■ **REQUIREMENT**
Your answer should be an exact copy of all the entries, free of pictures.

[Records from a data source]
*** Block opens ***

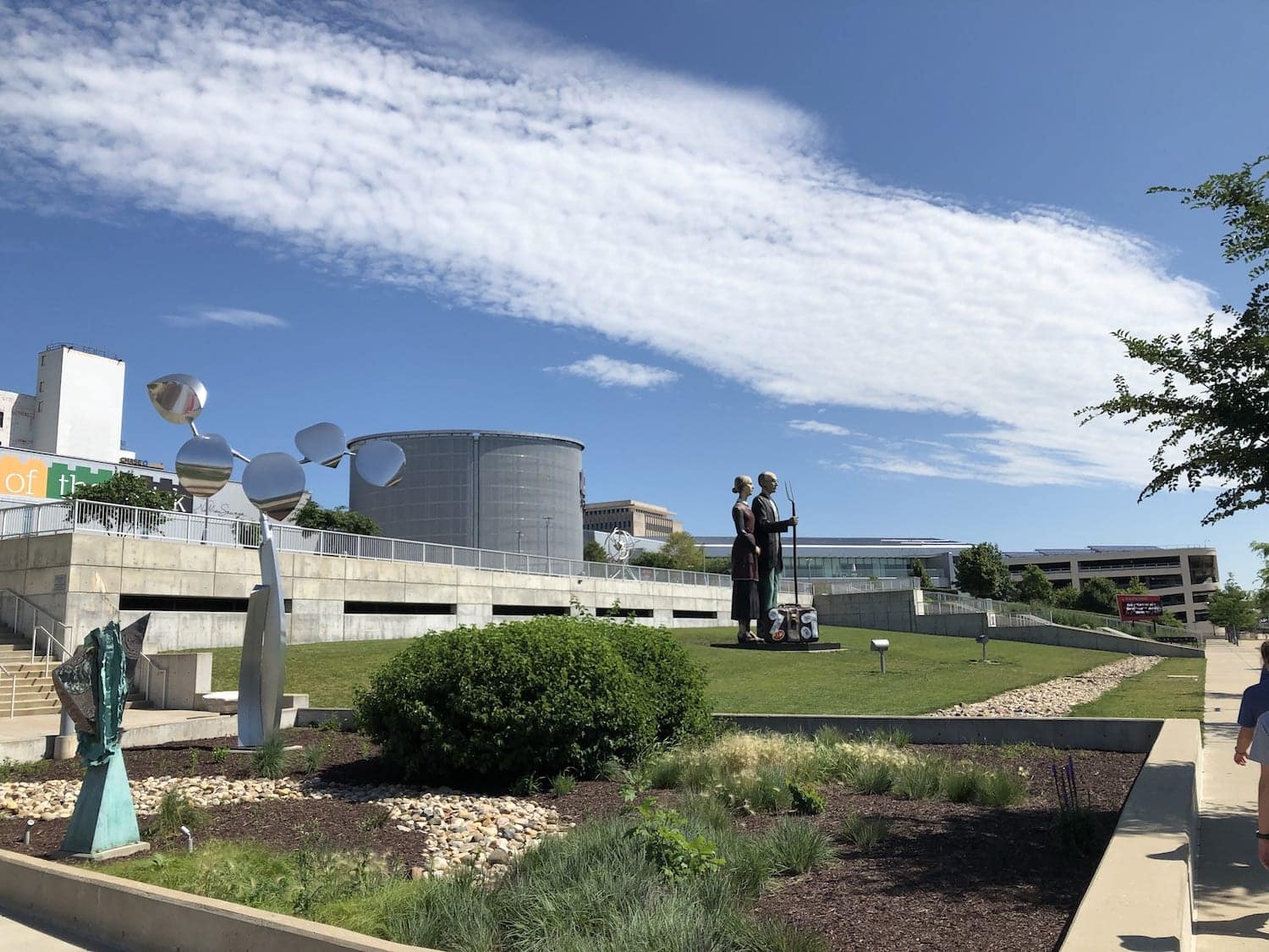 The Monumental Series of sculptures gives people the opportunity to explore how oversize scale impacts the emotions and feelings when people see the exhibits. These sculptures are often on the move. This summer we were able to see the massive “God Bless America” sculpture that is on display in front of the Peoria Riverfront Museum.
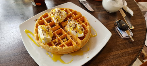 Of course, we also had Moussaka – and it was outstanding! Rich in flavor, perfectly seasoned, and full of that comforting homemade quality. For dessert, we enjoyed freshly made waffles topped with Nutella, chocolate, and vanilla ice cream – sweet, satisfying, and beautifully presented.
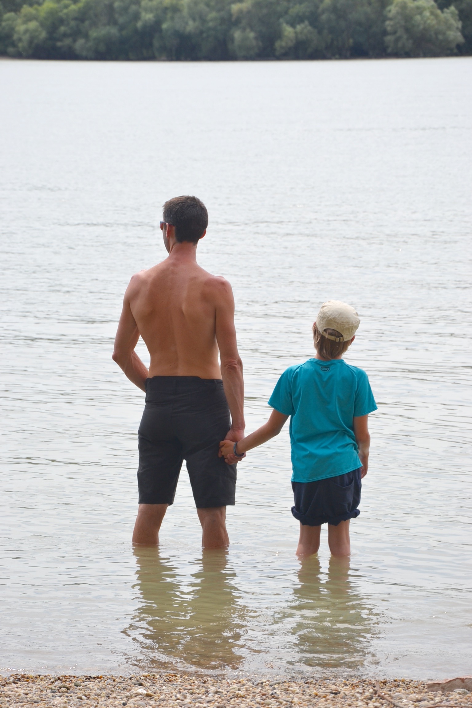 De l’autre côté du pont, les 3 ti-gars trouvent une jolie plage déserte au bord du Danube retrouvé. Nous avions craint qu’il ne ne soit évaporé!
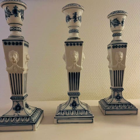 Helblonde musselmalet lysestager med 2 arme- 2 stk ikke Royal Copenhagen- TYSK
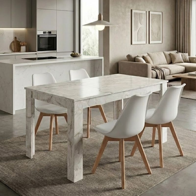 Σετ Τραπεζαρία 5τμχ Darlen - Viva Megapap Χρώμα Λευκό εφέ Μαρμάρου - Λευκό/φυσικό Πόδι 125x72x74εκ.

*** Block closes ***

■ **RESPONSE FOR THIS EXERCISE**
 The Monumental Series of sculptures gives people the opportunity to explore how oversize scale impacts the emotions and feelings when people see the exhibits. These sculptures are often on the move. This summer we were able to see the massive “God Bless America” sculpture that is on display in front of the Peoria Riverfront Museum.
 Of course, we also had Moussaka – and it was outstanding! Rich in flavor, perfectly seasoned, and full of that comforting homemade quality. For dessert, we enjoyed freshly made waffles topped with Nutella, chocolate, and vanilla ice cream – sweet, satisfying, and beautifully presented.
 De l’autre côté du pont, les 3 ti-gars trouvent une jolie plage déserte au bord du Danube retrouvé. Nous avions craint qu’il ne ne soit évaporé!
 Helblonde musselmalet lysestager med 2 arme- 2 stk ikke Royal Copenhagen- TYSK
 Σετ Τραπεζαρία 5τμχ Darlen - Viva Megapap Χρώμα Λευκό εφέ Μαρμάρου - Λευκό/φυσικό Πόδι 125x72x74εκ.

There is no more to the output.